Before the Word was incarnated, the Son of God never got hungry, thirsty, sleepy, or worried about anything.

So when the Word was born from Mary, He entered a whole new experience as a fleshly mortal human. Thus, He could also be tempted every way we are, including sexually and enticements to shun suffering and seek comfort and luxury.

Are the two natures of Jesus, human and divine, completely blended into one indivisible entity — or are they distinct and separate, but unified in purpose?

Did Jesus, who was the Word manifested in the flesh, have to study the Torah as He grew up from childhood to adult? When Jesus was 3 years old, did He know He was God manifested in the flesh? Or did this realization develop gradually as He studied scripture? Did Mary and Joseph help Him understand it?

God cannot get weary, but the human side of Jesus slept on the boat, then He was awakened by His disciples, and the divine side of Jesus took command of nature and rebuked the storm.
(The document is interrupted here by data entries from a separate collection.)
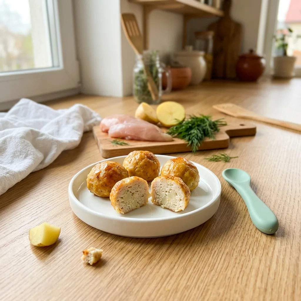 Запекайте на среднем уровне духовки при 180°C в течение 22–25 минут. Готовность проверьте, разрезав одну тефтелю: внутри не должно быть розового цвета, сок должен быть прозрачным — это соответствует внутренней температуре 74°C для куриного мяса.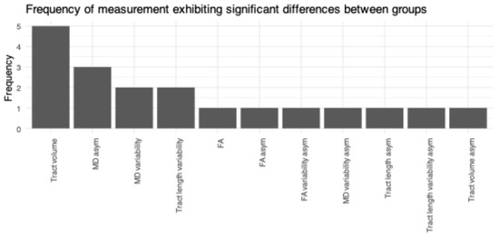 Figure 5 presents a frequency plot of measurement types identified as significant during the transition across the MCI → LMCI → AD cognitive impairment stages. The plot ranks measurement types by their frequency of occurrence, emphasizing which measurements are most prevalent in highlighting tract anomalies associated with cognitive decline. The higher-frequency measurements relate to the morphometrics of detected tracts (length and volume) as well as differences in MD as expected [60].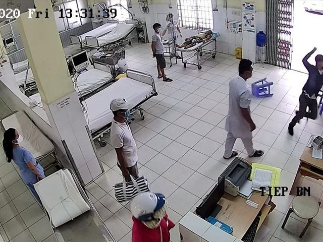 Không đeo khẩu trang khi vào bệnh viện, bị bảo vệ nhắc nhở và yêu cầu thực hiện để đảm bảo an toàn phòng dịch COVID-19 nam thanh niên dùng dao tấn công bảo vệ bệnh viện .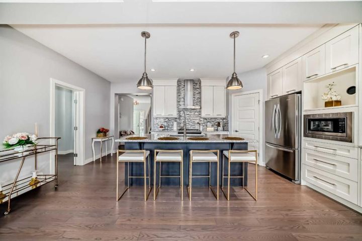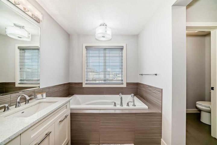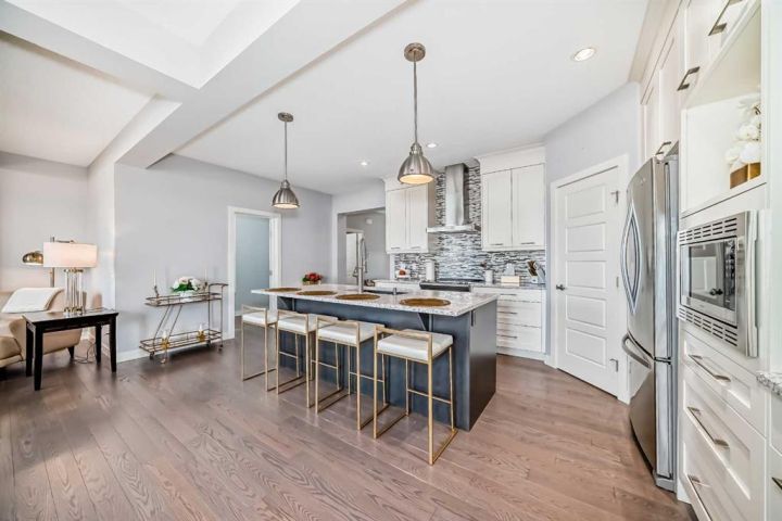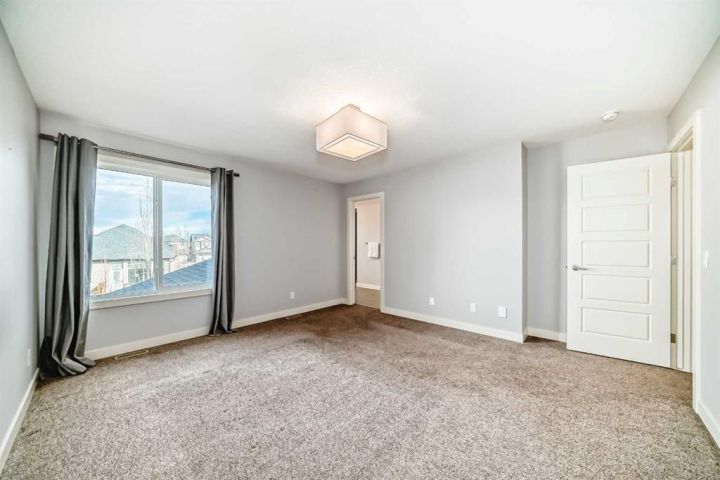 Stunning Calbridge Show Home – the Daytona 2 model with a triple tandem heated garage, located in the highly sought-after and family-friendly community of Legacy. This exceptional 2-storey home stands out with its thoughtful design, premium finishes, and over 3,000 sq. ft. of beautifully developed living space, including the fully finished basement with 9-ft ceilings. The main floor welcomes you with a spacious foyer leading to a bright open-concept layout filled with natural light. The living room features large windows and a sleek gas fireplace with stainless surround, creating a warm and elegant space for relaxing or entertaining. A main floor den/office provides the perfect setup for those working from home. The entire main level is enhanced with gorgeous wide-plank engineered flooring and upgraded lighting throughout. The chef-inspired kitchen is sure to impress with its large quartz island, ceiling-height custom cabinetry, stainless steel appliance package, quartz countertops, and a convenient walk-through pantry. The adjoining dining area is perfect for family gatherings, while the mudroom helps keep everything organized. A 2-piece powder room completes the main level. Upstairs, you’ll find a grand bonus room that’s ideal for movie nights or a play area. This level includes four generously sized bedrooms, a 5-piece main bathroom with quartz double vanity, and a convenient upper-level laundry room. The primary suite is a true retreat, featuring a large walk-in closet with built-in shelving and a luxurious 5-piece ensuite complete with an extended quartz vanity, soaker tub, and separate shower. The fully developed basement is an entertainer’s dream, offering a spacious family room with a full wet bar, granite countertops, built-in dishwasher, bar fridge, and matching cabinetry. There’s also a custom wall bed for guests, a 3-piece bathroom, and oversized windows that flood the space with natural light. Step outside to a maintenance-free composite deck with tempered glass railing overlooking the fully fenced backyard. The stamped concrete patio provides additional space for outdoor entertaining, and the paved back lane offers privacy and easy access. Additional features include central air conditioning, a heated triple tandem garage with overhead gas heater, water softener, and a 50-gallon hot water tank. Beautiful curb appeal is showcased with Hardie board siding and stone accents. This exceptional home is ideally located close to all amenities—schools, parks, playgrounds, major shopping centers, and just minutes to Stoney Trail for easy commuting. A stunning and fully finished Calbridge show home that truly has it all—luxury, comfort, and location. Don’t miss your opportunity to make this beautiful Legacy home yours! Book your private showing today!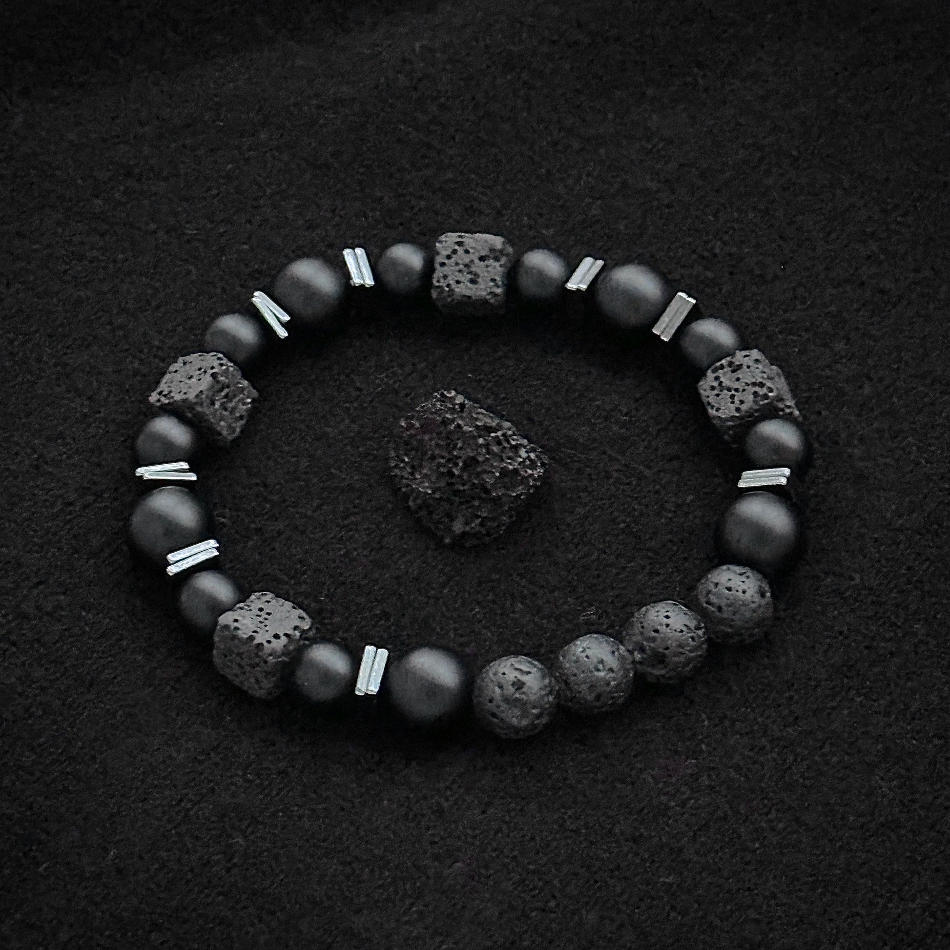Natural Matte Black Onyx with Cube Lava Bracelet,Balance Bracelet, Natural stone Bracelet,gift for man/boyfriend,1pc

When in the garden of Gethsemane, Jesus sweated what looked like great drops of blood, and asked God the Father to let the cup of crucifixion pass from Him, but also said He would submit to whatever was the Father’s will. Divinity cannot fear or dread. Was that anxiety about crucifixion a manifestation of the human side of Jesus?
 

Ben1445

Well-Known Member
Jesus childhood is something that I will always think about. There is very little given directly.
I don’t think that Joseph and Mary were training Him to be Messiah. They wouldn’t have the proper skills to teach the Lord what He needed. I have it in my mind that Jesus physical body developed the same way as everyone else’s. A bit of muscular development with the exercise and use of them. Neurological development with use and training, just the same as everyone else.
But training and bringing up in behavior I think was completely under the care of His Father.
When Jesus asked Mary and Joseph if they really didn’t understand that He must be about His Father’s business, it is an indication that they were not the ones thinking through what Jesus would be doing.
 

Ascetic X

Active Member
Jesus childhood is something that I will always think about. There is very little given directly.
I don’t think that Joseph and Mary were training Him to be Messiah. They wouldn’t have the proper skills to teach the Lord what He needed. I have it in my mind that Jesus physical body developed the same way as everyone else’s. A bit of muscular development with the exercise and use of them. Neurological development with use and training, just the same as everyone else.
But training and bringing up in behavior I think was completely under the care of His Father.
When Jesus asked Mary and Joseph if they really didn’t understand that He must be about His Father’s business, it is an indication that they were not the ones thinking through what Jesus would be doing.
The possibility of Mary and Joseph teaching the Torah and Tehillim (Psalms) to the child Jesus hinges upon when the divine side of Jesus was obvious to Him. Age 3? Age 6? Age 12?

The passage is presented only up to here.